Model of how septin ring compartmentalization aids T-cell circumnavigation in extracellular matrices

In order to efficiently migrate through complex environments, T cells adopt a variety of migration modes including amoeboid and mesenchymal motions. Their ability to push the nucleus through narrow passages is critical for their migration through the extracellular matrix. Zhovmer et al. recently discovered that T cells in collagen matrices move with the aid of septin rings, which form around the nucleus at locations where extracellular matrix obstacles create high negative cell curvature. The resulting septin/F-actin rings subdivide the volume of the cell into separate compartments, with potentially different microenvironments. We developed a 2D computational model to test how such compartmentalization aids cell motility.
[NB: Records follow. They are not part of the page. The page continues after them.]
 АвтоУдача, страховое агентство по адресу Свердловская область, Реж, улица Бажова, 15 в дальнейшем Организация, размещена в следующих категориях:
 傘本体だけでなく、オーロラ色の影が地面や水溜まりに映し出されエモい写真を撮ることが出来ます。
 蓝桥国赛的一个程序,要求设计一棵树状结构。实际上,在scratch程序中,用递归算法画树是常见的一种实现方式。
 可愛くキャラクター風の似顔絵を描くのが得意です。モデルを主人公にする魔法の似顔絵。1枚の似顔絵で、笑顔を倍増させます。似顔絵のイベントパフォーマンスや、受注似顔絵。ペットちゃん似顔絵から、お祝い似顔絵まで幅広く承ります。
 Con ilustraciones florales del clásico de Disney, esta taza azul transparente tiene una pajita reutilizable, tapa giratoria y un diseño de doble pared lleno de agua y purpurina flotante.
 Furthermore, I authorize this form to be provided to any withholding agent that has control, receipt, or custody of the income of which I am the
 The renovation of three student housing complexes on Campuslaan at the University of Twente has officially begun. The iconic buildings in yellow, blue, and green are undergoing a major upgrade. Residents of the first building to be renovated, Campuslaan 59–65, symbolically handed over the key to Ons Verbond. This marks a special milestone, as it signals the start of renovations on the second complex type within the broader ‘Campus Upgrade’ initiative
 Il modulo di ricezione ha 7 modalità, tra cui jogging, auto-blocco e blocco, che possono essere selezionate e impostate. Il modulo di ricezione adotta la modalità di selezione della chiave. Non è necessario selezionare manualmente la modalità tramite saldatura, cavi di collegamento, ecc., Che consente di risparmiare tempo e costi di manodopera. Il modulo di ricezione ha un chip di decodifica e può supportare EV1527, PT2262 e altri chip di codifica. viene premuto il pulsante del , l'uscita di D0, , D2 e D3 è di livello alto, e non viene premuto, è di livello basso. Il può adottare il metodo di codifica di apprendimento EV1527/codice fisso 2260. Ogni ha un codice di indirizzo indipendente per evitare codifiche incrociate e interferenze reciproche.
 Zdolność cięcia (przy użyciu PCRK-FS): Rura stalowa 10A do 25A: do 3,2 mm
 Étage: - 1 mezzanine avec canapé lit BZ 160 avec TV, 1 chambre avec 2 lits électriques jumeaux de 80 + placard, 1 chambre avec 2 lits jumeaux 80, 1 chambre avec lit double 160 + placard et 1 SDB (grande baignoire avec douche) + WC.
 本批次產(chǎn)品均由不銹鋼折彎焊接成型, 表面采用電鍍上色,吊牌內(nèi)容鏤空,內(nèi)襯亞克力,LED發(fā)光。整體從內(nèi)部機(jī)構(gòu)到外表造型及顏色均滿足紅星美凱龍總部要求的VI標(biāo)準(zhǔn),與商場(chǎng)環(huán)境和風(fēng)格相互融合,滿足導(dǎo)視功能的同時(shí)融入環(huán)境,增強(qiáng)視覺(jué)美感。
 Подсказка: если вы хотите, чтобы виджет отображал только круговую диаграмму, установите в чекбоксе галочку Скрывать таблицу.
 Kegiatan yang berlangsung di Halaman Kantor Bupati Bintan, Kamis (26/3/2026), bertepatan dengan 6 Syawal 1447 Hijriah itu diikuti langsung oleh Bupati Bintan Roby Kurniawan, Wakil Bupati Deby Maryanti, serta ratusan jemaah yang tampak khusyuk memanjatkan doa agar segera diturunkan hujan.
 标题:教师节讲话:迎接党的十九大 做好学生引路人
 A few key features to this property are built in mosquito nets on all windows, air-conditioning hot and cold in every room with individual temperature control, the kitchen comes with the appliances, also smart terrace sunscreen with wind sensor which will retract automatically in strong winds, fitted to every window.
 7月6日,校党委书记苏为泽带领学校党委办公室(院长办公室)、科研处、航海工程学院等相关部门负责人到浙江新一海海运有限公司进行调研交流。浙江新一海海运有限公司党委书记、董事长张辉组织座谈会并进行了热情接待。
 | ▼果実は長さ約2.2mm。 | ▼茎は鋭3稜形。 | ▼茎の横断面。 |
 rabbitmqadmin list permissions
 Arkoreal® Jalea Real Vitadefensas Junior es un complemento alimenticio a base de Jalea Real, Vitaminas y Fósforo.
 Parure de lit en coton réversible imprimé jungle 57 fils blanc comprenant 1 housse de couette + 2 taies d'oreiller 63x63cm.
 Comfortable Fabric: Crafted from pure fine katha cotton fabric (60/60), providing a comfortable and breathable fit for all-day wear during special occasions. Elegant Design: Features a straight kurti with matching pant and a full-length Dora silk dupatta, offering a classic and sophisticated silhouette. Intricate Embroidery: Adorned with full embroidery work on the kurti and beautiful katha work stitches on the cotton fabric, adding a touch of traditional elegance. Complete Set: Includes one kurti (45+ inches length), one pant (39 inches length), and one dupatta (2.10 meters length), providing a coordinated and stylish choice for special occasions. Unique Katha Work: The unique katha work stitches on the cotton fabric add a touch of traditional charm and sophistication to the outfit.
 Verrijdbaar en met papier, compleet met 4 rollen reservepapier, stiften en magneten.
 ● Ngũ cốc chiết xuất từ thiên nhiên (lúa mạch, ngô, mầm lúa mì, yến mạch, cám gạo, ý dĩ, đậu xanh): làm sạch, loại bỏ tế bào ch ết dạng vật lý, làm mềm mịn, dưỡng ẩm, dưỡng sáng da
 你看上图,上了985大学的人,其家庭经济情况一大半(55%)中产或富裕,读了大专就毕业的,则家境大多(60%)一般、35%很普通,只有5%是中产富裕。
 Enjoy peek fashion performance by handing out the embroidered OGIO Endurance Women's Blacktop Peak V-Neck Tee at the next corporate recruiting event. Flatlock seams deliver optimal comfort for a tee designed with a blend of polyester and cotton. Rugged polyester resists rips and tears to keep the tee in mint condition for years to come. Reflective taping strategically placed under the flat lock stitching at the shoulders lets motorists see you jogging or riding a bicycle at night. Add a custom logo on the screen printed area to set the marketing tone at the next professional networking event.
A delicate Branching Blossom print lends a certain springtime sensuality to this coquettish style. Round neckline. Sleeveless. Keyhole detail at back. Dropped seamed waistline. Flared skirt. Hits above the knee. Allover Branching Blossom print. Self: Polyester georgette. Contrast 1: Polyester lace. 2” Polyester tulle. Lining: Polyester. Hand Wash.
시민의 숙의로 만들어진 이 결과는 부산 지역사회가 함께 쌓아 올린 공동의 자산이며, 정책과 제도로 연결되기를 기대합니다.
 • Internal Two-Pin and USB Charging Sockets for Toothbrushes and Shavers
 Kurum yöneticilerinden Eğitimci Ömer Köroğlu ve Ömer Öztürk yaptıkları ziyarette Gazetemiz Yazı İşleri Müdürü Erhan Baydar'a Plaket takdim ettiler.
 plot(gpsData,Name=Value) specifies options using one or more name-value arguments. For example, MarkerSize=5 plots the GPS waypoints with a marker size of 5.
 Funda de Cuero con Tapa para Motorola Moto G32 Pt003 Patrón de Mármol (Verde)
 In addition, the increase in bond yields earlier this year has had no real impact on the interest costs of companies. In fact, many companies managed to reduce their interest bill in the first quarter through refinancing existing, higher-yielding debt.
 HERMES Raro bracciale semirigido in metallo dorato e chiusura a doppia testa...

In the model, beads representing the plasma membrane and nucleus move according to forces of bending rigidity, tension, contraction, fluctuating protrusions, and excluded volume interactions from encountered obstacles. Cell and nuclear volume conservation are implemented as area conservation forces. A weak nuclear centering force is implemented to represent cytoskeleton- and organelle-mediated nuclear centering. We assume that septin ring formation leads to compartment boundaries at sites where obstacles enforce proximity between the cell membrane and nucleus. We show that formation of these boundaries leads to a nuclear piston mechanism that enhances motility at high obstacle density.